▶ [WHAT IS REQUIRED]:
Below are records to repeat exactly; copy them without the pictures.

▶ [INFORMATION SUPPLIED]:
----------

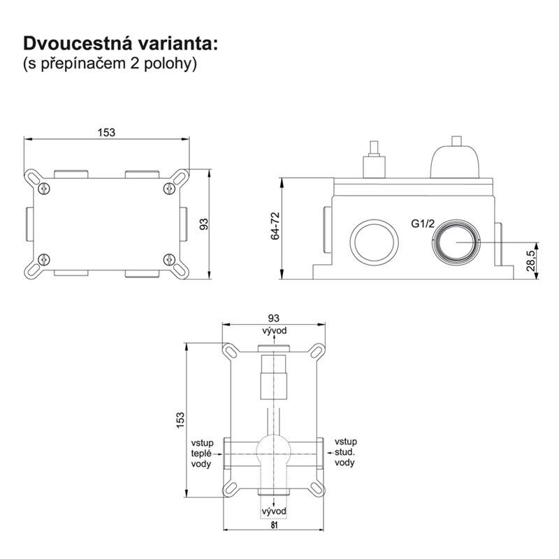 Dvojcestná varianta (prepínanie dvoch polôh tlačidlom) je určená do sprchových kútov s ručnou a hlavovou sprchou alebo k vani s napúšťaním prepadom a možnosti sprchovanie.
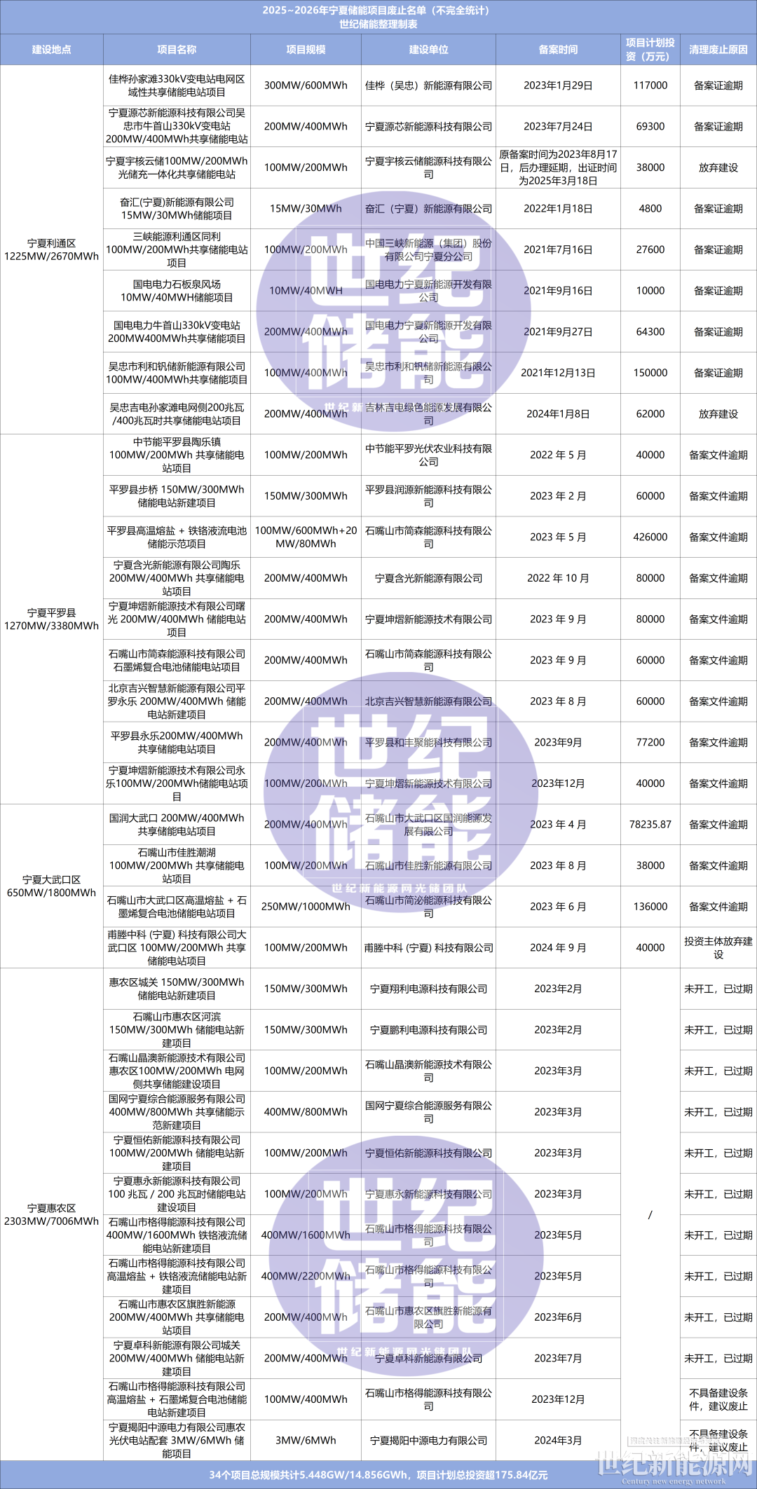 2026年1月20日,宁夏进一步出台储能项目管理新规,要求纳入年度建设清单的项目须在清单公布后6个月内实质性开工,12个月内建成并网;电化学储能项目电网接入意见有效期仅为1年,逾期未并网自动废止。
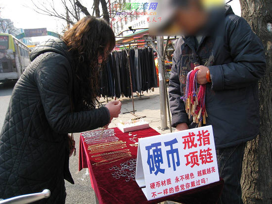 4月3日下午,记者在市东方红大街新世纪广场附近看到好几个小摊上都摆着“硬币戒指,永不褪色”之类的牌子,并有不少市民问价、购买。在一摊位前,记者看到摊主面前的桌子上摆着戒指、项链、手镯等首饰,旁边还放着一些1元、5角的硬币。摊主向记者介绍:“这些首饰全都是用硬币做成的,而且都经过抛光打磨,绝对不会褪色,你放心买就是了。”“戴上不褪色,而且价格便宜。戴久了,如果不喜欢了扔掉也不觉着可惜。”一购买了一条项链的年轻姑娘对记者说。
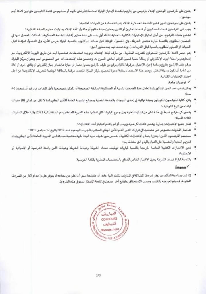 وستفتح المباريات، في وجه المترشحين المتوفرين على الشروط النظامية المنصوص عليها في الفصل الـ21 من النظام الأساسي العام. ومنها التوفر على قوة بصرية يبلغ مجموعها 10/15 على الأقل من غير استعمال نظارات أو عدسات أو أية وسيلة أخرى يمكنها رفع القوة البصرية، والتوفرعلى قوة سمع تمكّن من سماع الهمس على بعد نصف متر، والأهلية البدنية والنفسية لمزاولة المهام التي ستناط بهم.
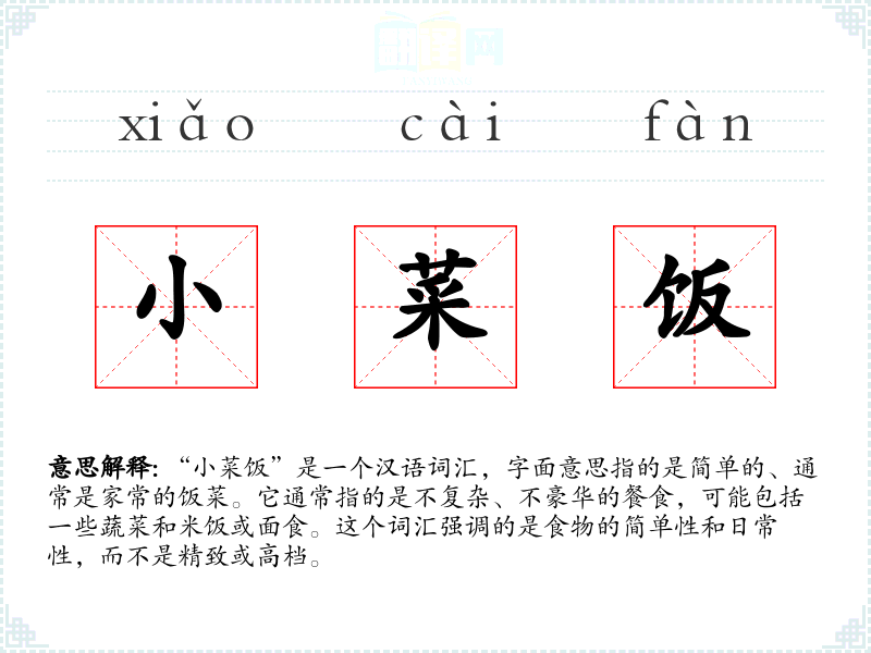 “小菜饭”是一个汉语词汇,字面意思指的是简单的、通常是家常的饭菜。它通常指的是不复杂、不豪华的餐食,可能包括一些蔬菜和米饭或面食。这个词汇强调的是食物的简单性和日常性,而不是精致或高档。
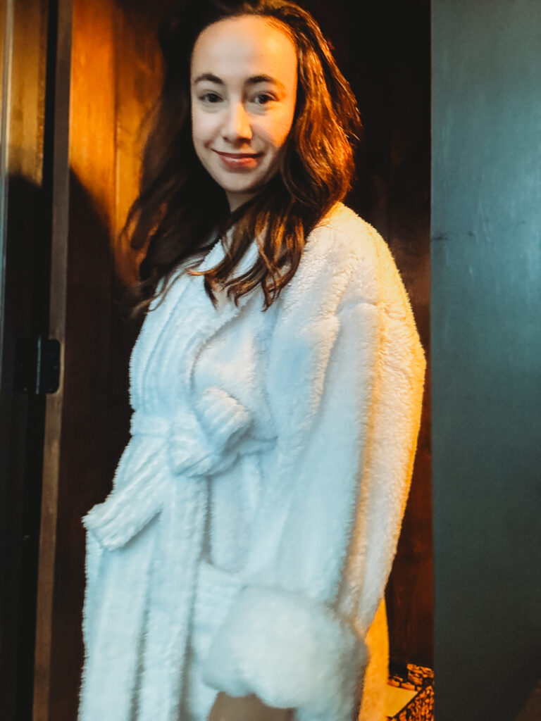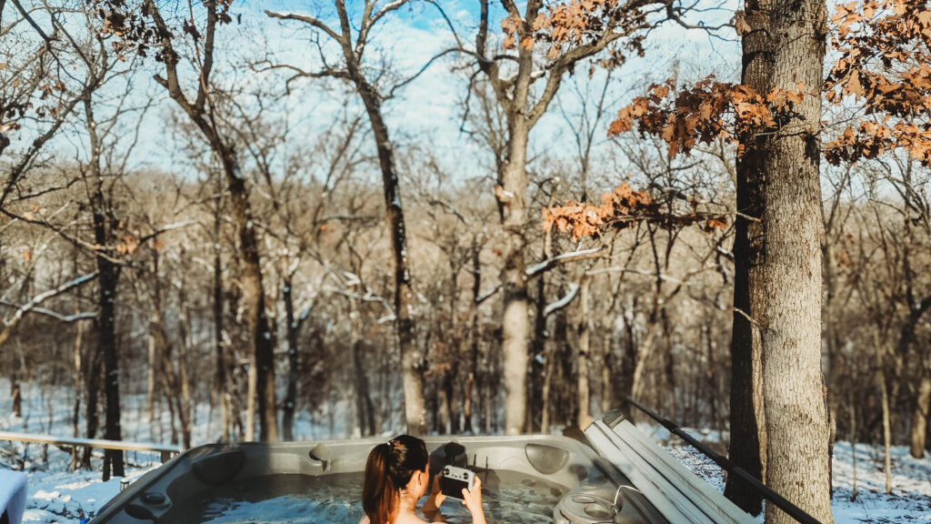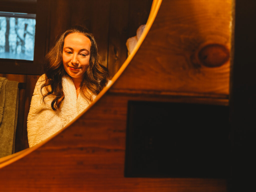 The heart of the stay was the outdoor hot tub overlooking the snowy forest. There’s something magical about sinking into warm water while snowflakes dust the pines—both energizing and grounding at once.

----------

▶ [THE COMPLETED TASK]:
 Dvojcestná varianta (prepínanie dvoch polôh tlačidlom) je určená do sprchových kútov s ručnou a hlavovou sprchou alebo k vani s napúšťaním prepadom a možnosti sprchovanie.
 2026年1月20日,宁夏进一步出台储能项目管理新规,要求纳入年度建设清单的项目须在清单公布后6个月内实质性开工,12个月内建成并网;电化学储能项目电网接入意见有效期仅为1年,逾期未并网自动废止。
 4月3日下午,记者在市东方红大街新世纪广场附近看到好几个小摊上都摆着“硬币戒指,永不褪色”之类的牌子,并有不少市民问价、购买。在一摊位前,记者看到摊主面前的桌子上摆着戒指、项链、手镯等首饰,旁边还放着一些1元、5角的硬币。摊主向记者介绍:“这些首饰全都是用硬币做成的,而且都经过抛光打磨,绝对不会褪色,你放心买就是了。”“戴上不褪色,而且价格便宜。戴久了,如果不喜欢了扔掉也不觉着可惜。”一购买了一条项链的年轻姑娘对记者说。
 وستفتح المباريات، في وجه المترشحين المتوفرين على الشروط النظامية المنصوص عليها في الفصل الـ21 من النظام الأساسي العام. ومنها التوفر على قوة بصرية يبلغ مجموعها 10/15 على الأقل من غير استعمال نظارات أو عدسات أو أية وسيلة أخرى يمكنها رفع القوة البصرية، والتوفرعلى قوة سمع تمكّن من سماع الهمس على بعد نصف متر، والأهلية البدنية والنفسية لمزاولة المهام التي ستناط بهم.
 “小菜饭”是一个汉语词汇,字面意思指的是简单的、通常是家常的饭菜。它通常指的是不复杂、不豪华的餐食,可能包括一些蔬菜和米饭或面食。这个词汇强调的是食物的简单性和日常性,而不是精致或高档。
 The heart of the stay was the outdoor hot tub overlooking the snowy forest. There’s something magical about sinking into warm water while snowflakes dust the pines—both energizing and grounding at once.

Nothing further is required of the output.